» **DATA LISTING**
----

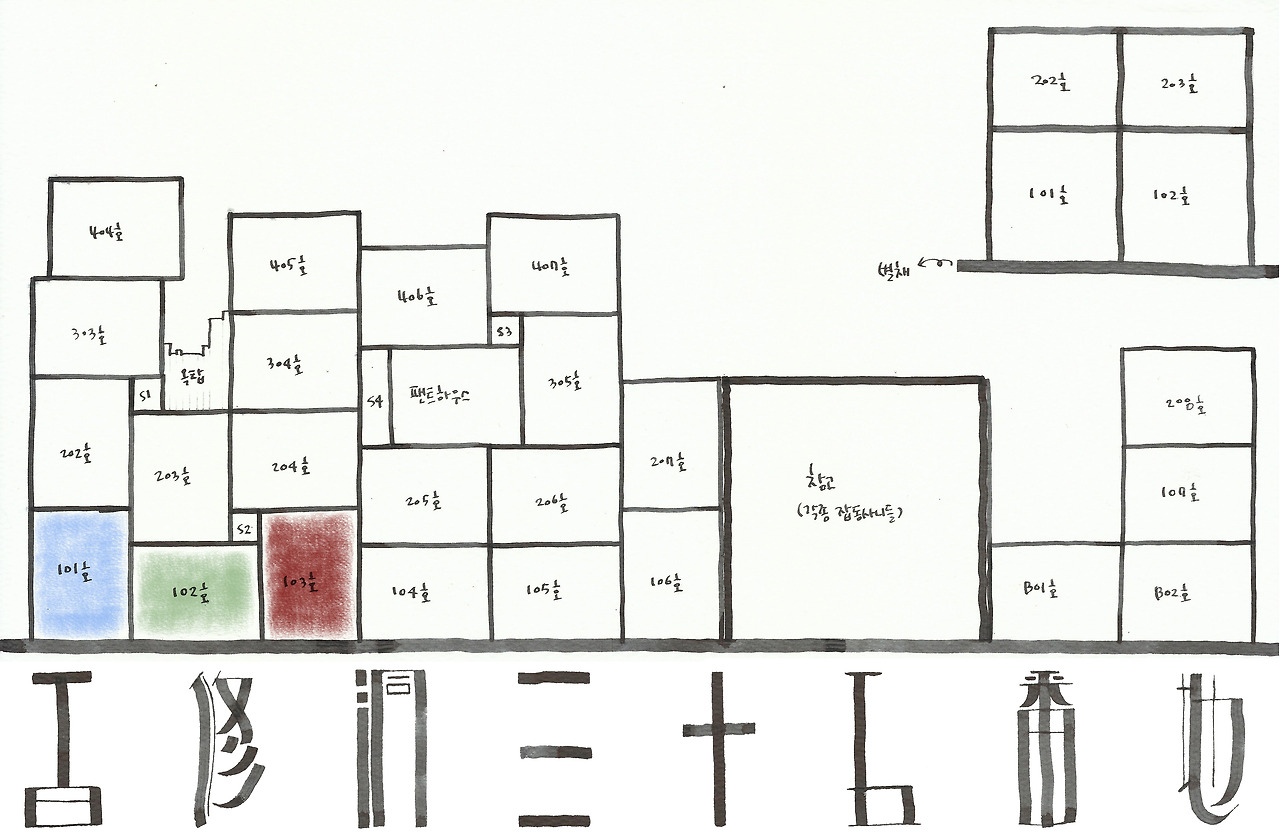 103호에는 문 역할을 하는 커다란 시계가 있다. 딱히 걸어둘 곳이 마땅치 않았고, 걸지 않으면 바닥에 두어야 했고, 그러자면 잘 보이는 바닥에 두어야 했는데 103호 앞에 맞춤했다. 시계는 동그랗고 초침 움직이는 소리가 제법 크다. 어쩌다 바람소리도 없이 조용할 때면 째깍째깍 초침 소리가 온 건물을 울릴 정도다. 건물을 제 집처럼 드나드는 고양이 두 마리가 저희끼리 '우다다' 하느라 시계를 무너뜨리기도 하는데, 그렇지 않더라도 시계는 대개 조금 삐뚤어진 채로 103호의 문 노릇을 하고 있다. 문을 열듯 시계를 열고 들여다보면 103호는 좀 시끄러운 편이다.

----

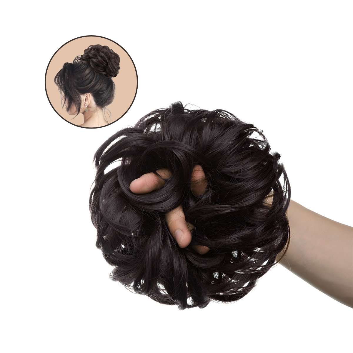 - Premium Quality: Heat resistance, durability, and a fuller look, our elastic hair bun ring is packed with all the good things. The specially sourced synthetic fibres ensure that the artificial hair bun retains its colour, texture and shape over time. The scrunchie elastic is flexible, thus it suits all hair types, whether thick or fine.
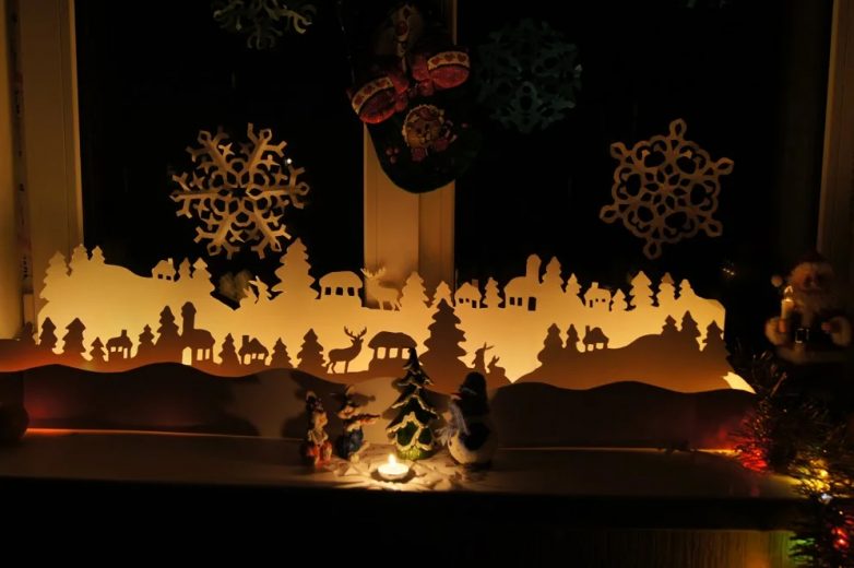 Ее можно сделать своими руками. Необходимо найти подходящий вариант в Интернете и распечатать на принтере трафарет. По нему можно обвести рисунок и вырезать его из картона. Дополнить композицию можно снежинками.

----

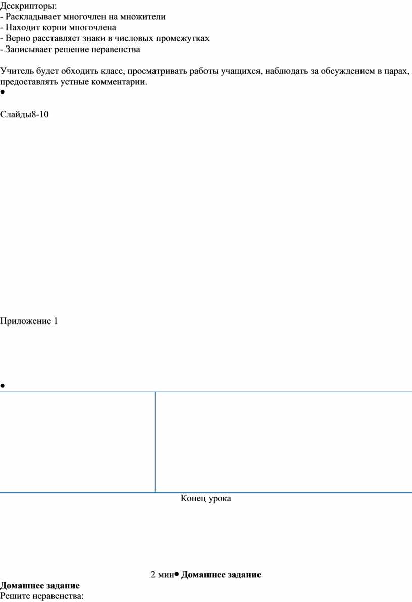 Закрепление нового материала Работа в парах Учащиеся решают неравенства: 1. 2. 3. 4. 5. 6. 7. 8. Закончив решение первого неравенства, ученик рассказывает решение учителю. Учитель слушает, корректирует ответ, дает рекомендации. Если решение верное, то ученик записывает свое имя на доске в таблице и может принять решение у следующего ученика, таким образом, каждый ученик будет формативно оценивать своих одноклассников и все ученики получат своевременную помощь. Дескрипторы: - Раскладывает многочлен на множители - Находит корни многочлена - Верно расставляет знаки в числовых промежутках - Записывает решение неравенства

----

Going by the entries above, repeat exactly the lines that start at the line with "- Premium Quality: Heat" and go on through the line with "Ее можно сделать". Pictures are not part of the copy.

 - Premium Quality: Heat resistance, durability, and a fuller look, our elastic hair bun ring is packed with all the good things. The specially sourced synthetic fibres ensure that the artificial hair bun retains its colour, texture and shape over time. The scrunchie elastic is flexible, thus it suits all hair types, whether thick or fine.
 Ее можно сделать своими руками. Необходимо найти подходящий вариант в Интернете и распечатать на принтере трафарет. По нему можно обвести рисунок и вырезать его из картона. Дополнить композицию можно снежинками.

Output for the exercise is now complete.